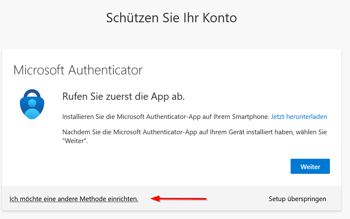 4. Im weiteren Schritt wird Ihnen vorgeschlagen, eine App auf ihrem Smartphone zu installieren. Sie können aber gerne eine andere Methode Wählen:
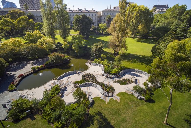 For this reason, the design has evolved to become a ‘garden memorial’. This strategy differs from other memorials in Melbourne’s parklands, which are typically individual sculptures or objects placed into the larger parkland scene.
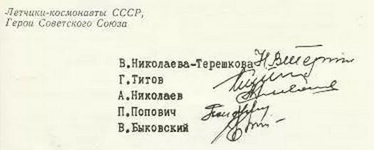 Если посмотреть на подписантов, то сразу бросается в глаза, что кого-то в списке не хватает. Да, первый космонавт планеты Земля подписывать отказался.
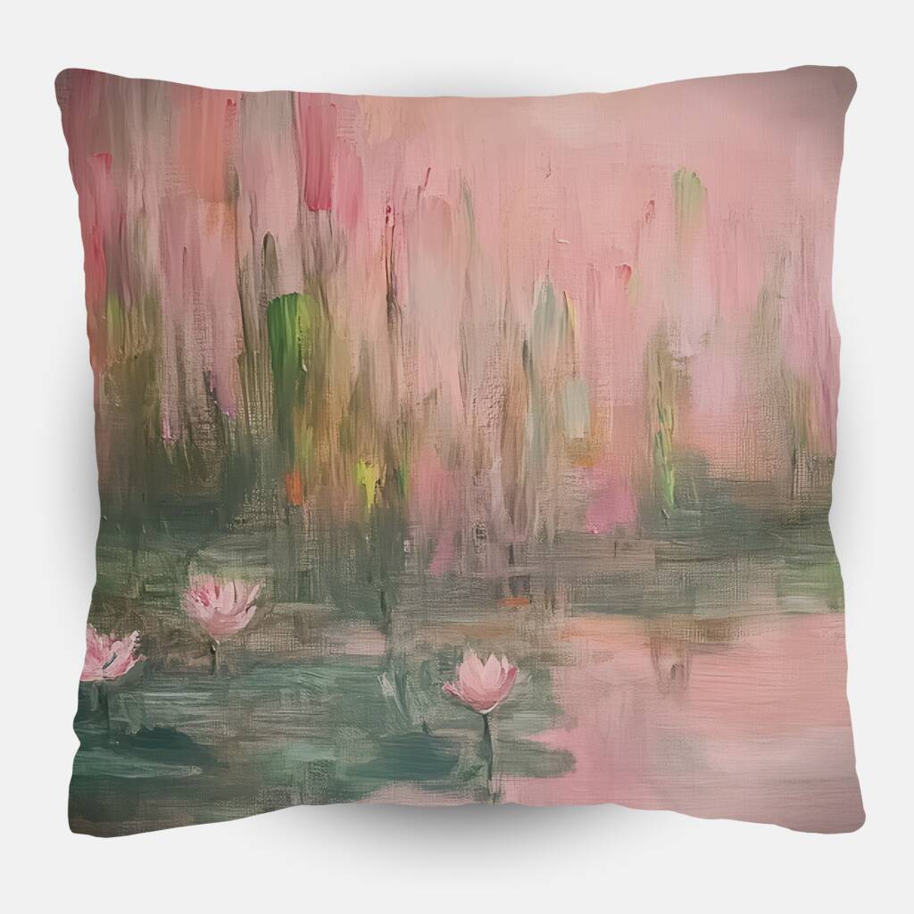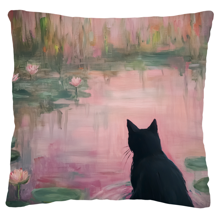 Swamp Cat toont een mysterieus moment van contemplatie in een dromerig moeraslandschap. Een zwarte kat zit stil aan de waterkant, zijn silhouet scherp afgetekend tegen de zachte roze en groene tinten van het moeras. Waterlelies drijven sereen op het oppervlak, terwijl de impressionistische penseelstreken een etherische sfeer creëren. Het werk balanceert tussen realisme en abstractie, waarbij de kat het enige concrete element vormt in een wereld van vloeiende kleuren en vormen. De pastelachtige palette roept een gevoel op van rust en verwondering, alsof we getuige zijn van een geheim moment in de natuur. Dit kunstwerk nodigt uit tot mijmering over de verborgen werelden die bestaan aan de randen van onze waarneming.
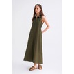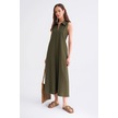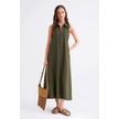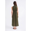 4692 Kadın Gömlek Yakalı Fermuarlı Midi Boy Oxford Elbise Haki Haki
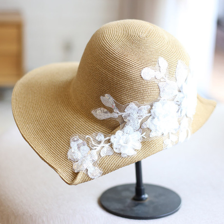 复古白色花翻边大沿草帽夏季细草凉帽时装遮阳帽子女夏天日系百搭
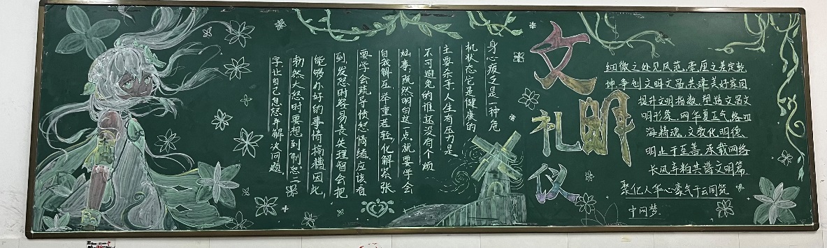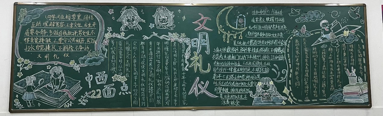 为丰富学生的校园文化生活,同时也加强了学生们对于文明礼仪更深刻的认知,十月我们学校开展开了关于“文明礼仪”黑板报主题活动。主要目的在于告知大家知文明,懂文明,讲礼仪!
§ §
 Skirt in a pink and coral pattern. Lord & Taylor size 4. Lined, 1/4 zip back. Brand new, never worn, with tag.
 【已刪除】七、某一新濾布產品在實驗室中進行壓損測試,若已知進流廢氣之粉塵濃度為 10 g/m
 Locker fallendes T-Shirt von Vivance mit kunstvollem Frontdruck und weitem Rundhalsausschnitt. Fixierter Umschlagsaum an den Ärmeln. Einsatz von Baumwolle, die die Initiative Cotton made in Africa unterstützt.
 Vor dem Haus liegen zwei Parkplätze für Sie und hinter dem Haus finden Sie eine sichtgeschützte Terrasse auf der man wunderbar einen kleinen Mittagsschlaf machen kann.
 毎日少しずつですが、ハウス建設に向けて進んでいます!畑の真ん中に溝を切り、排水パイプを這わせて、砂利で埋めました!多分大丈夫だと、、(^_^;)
§ §
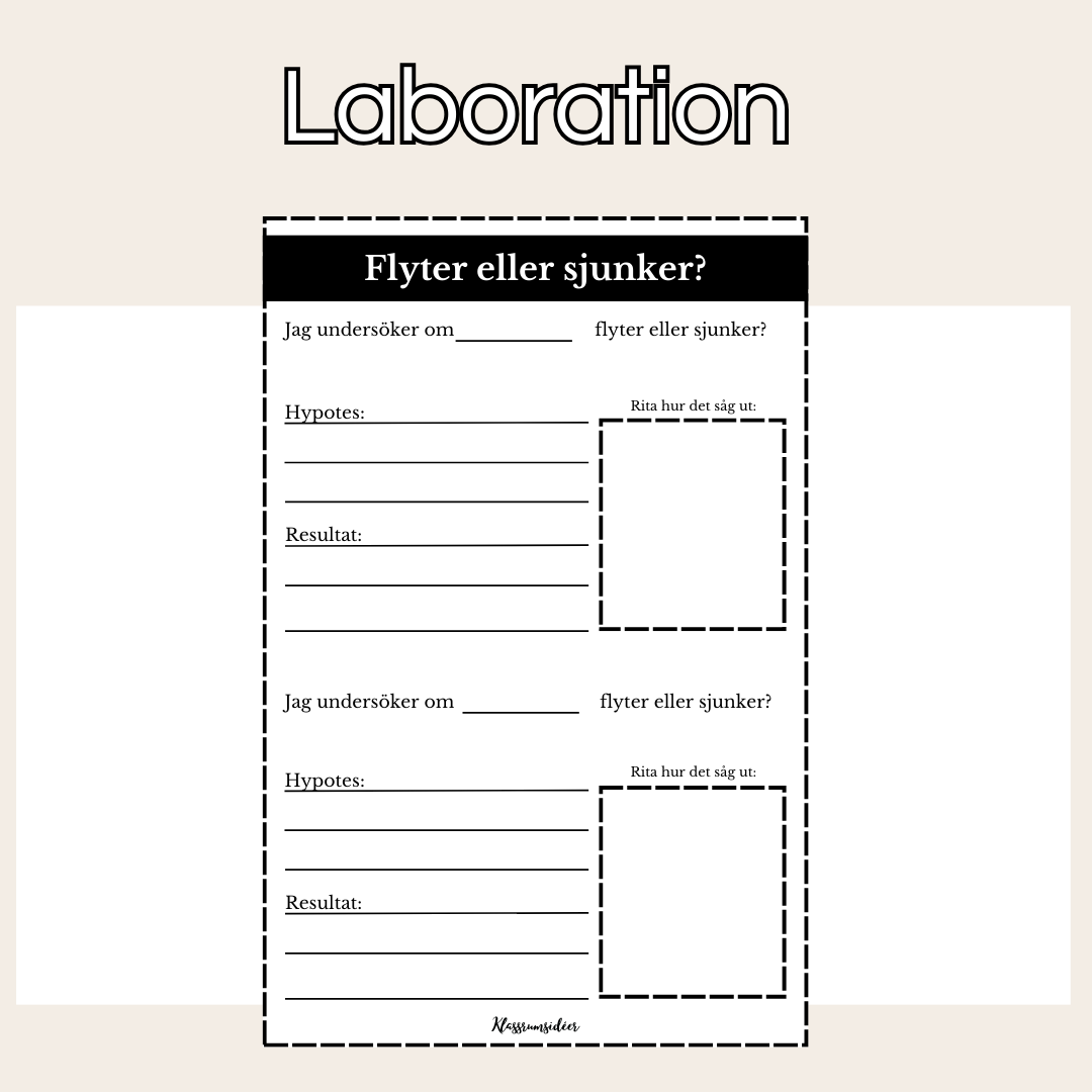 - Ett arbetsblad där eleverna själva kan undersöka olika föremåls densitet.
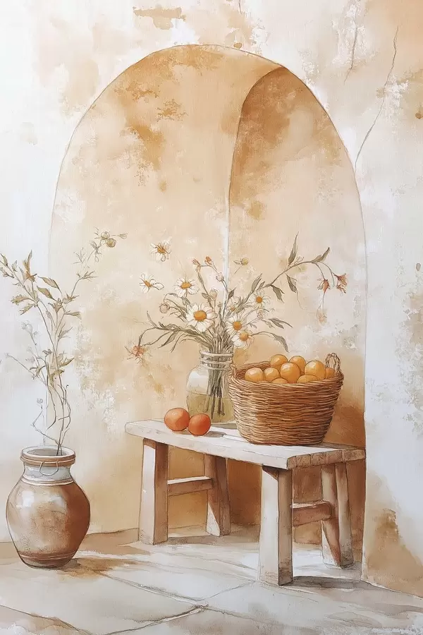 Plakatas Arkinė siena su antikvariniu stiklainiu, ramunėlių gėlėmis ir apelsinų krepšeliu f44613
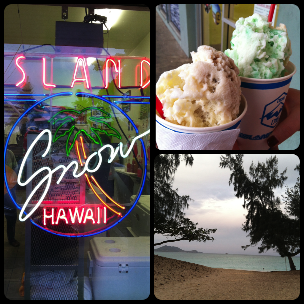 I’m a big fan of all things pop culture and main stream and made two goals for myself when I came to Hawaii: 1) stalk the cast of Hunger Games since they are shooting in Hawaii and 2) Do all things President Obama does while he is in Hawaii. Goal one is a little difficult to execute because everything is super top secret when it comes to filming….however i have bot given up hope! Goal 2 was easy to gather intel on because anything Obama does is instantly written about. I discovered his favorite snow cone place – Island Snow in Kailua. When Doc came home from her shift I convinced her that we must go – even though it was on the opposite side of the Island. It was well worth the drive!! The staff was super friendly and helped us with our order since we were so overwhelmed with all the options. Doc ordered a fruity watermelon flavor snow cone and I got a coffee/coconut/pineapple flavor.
§ §
Could you transcribe exactly the entries above, but only the lines from the one with "For this reason, the" through the one with "复古白色花翻边大沿草帽夏季细草凉帽时装遮阳帽子女夏天日系百搭", and without pictures?

 For this reason, the design has evolved to become a ‘garden memorial’. This strategy differs from other memorials in Melbourne’s parklands, which are typically individual sculptures or objects placed into the larger parkland scene.
 Если посмотреть на подписантов, то сразу бросается в глаза, что кого-то в списке не хватает. Да, первый космонавт планеты Земля подписывать отказался.
 Swamp Cat toont een mysterieus moment van contemplatie in een dromerig moeraslandschap. Een zwarte kat zit stil aan de waterkant, zijn silhouet scherp afgetekend tegen de zachte roze en groene tinten van het moeras. Waterlelies drijven sereen op het oppervlak, terwijl de impressionistische penseelstreken een etherische sfeer creëren. Het werk balanceert tussen realisme en abstractie, waarbij de kat het enige concrete element vormt in een wereld van vloeiende kleuren en vormen. De pastelachtige palette roept een gevoel op van rust en verwondering, alsof we getuige zijn van een geheim moment in de natuur. Dit kunstwerk nodigt uit tot mijmering over de verborgen werelden die bestaan aan de randen van onze waarneming.
 4692 Kadın Gömlek Yakalı Fermuarlı Midi Boy Oxford Elbise Haki Haki
 复古白色花翻边大沿草帽夏季细草凉帽时装遮阳帽子女夏天日系百搭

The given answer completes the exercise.